Published Thursday, September 15, 2016 at 3:39 pm

Editor’s Note: This post was initially published in the fall 2016 edition of The Learning Leader, Watauga County School’s newsletter. 

The General Assembly delivered a much appreciated pay hike to teachers this year, one that averages 4.7%. However, the actual increase received by individual teachers varies from zero to 13.1%, depending on where they are on the pay scale.

While it’s too soon to know the impact of the increase on the state’s ranking in teacher pay, it is hoped that it will at least lift NC out of the bottom 10 states in the country. It remains a given that teachers in NC will, on average, still earn considerably less than their counterparts nationwide.

Until recently, NC ranked dead last in the country in pay increases granted to teachers over the last decade. While that may no longer be the case, low teacher pay has not been the only headwind for public schools in NC in recent years.

State budget cuts for supplies, textbooks and similar educational resources, big reductions in teacher assistants positions, and the elimination of the state’s Teaching Fellows program (scholarships that encouraged high caliber students to enter the field of education in NC) have also contributed to reduced interest in the teaching profession. The result of these trends is now showing up in the teacher pipeline: enrollment in teacher education programs in the NC university system is down about 30% in the last five years.

As a result, teacher recruitment is becoming more difficult for school districts across the state at a time when enrollment is rising and a large number of educators are becoming eligible to retire. The challenge is most pronounced for teachers in middle school, high school math and science, and in special education.

“We’re very fortunate that we can still find high quality applicants for our openings,” noted Assistant Superintendent and Human Resources Director Dr. Stephen Martin, “but it is getting more difficult in certain areas, and some other districts are facing a real problem getting the quality candidates they need.”

Dr. Martin and his team in Human Resources, along with principals and district administrators, have been very busy filling the positions that became vacant in the school system since last spring: 65 people have been hired in WCS in the last five months (out of about 650 positions total), continuing the recent trend of a hectic hiring season in the spring and summer of the year.
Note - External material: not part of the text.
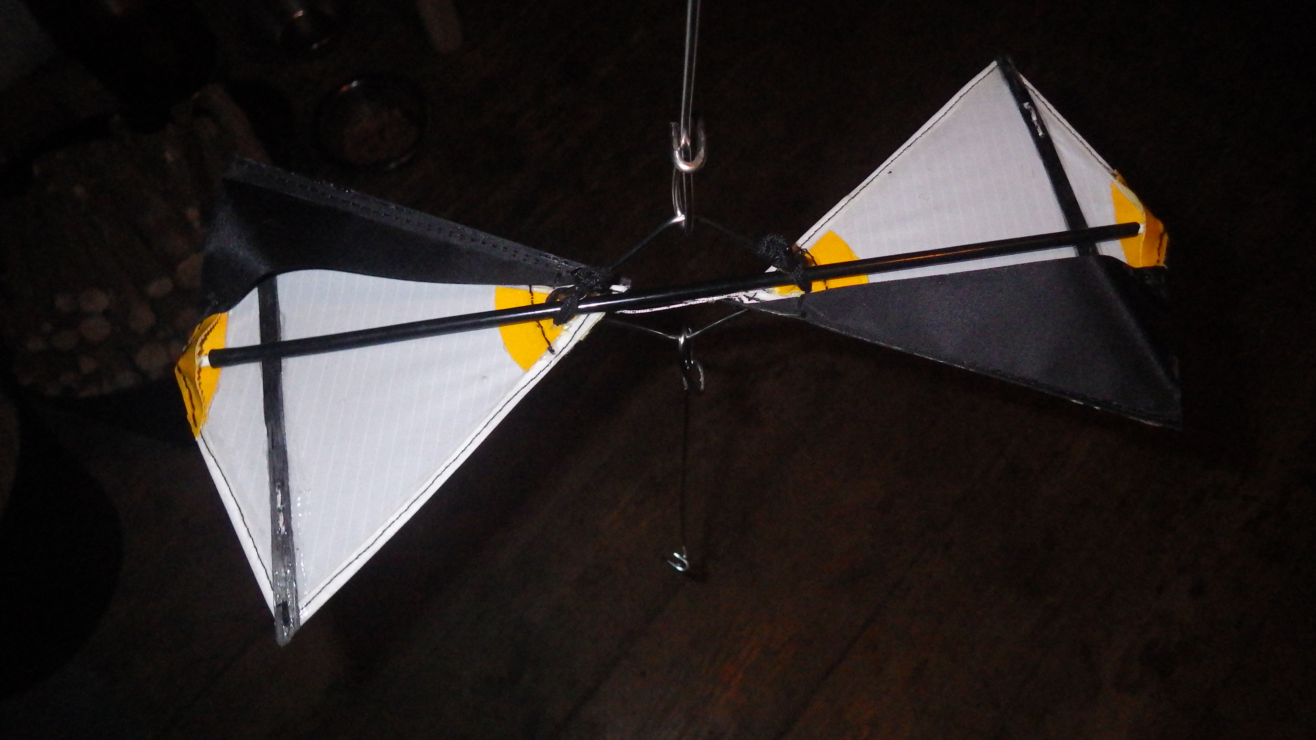 Das nächste Modell läuft denn auch auf einen torsionsfeserem Stahlseil, auch der Vorschlag mit mehr als 2 Flügeln ist aufgegriffen. Es werden 4 Flügler wo die Carbonstäbe leicht demontabel in mit Hülsen verlängerten 1/8" VA Kreuzstücken sitzen die mittig durchbohrt auf ein an den entsprechenden Stellen mit einer VA Hülse bewehrtem Stahlseil eingefädelt und auf der Hülse mit Punktschweißen fixiert sein werden.

Dr. Elliott noted that a declining supply of teachers in the pipeline at a time of rising need is a serious concern going forward. “I think teaching is the noblest and most rewarding profession anyone can pursue, but our state needs to do much more to make it attractive to students in high school and college who are making decisions about their field of study and the careers they will pursue. North Carolina needs to make a career in teaching more inviting through better compensation, more opportunities for professional growth, and by demonstrating a consistent commitment to a well-funded system of public education. Great teachers are the lifeblood of our schools and supporting their work should be our number one priority.”

The state budget for many categories of public school funding is still below the levels of seven years ago even as statewide enrollment has continued to rise. Meanwhile, state funding of vouchers for private education, with no accountability to the taxpayers, has risen dramatically, and the General Assembly endorsed a plan earlier this year to add tens of millions of dollars to the budget for private school tuition in coming years. Tax cuts for high income house-holds and for corporations have also made it more difficult to fund public education in NC.

To date, the legislature has not considered a plan for raising teacher salaries to the national average or a goal of restoring previous cuts to funding for school supplies and other needs.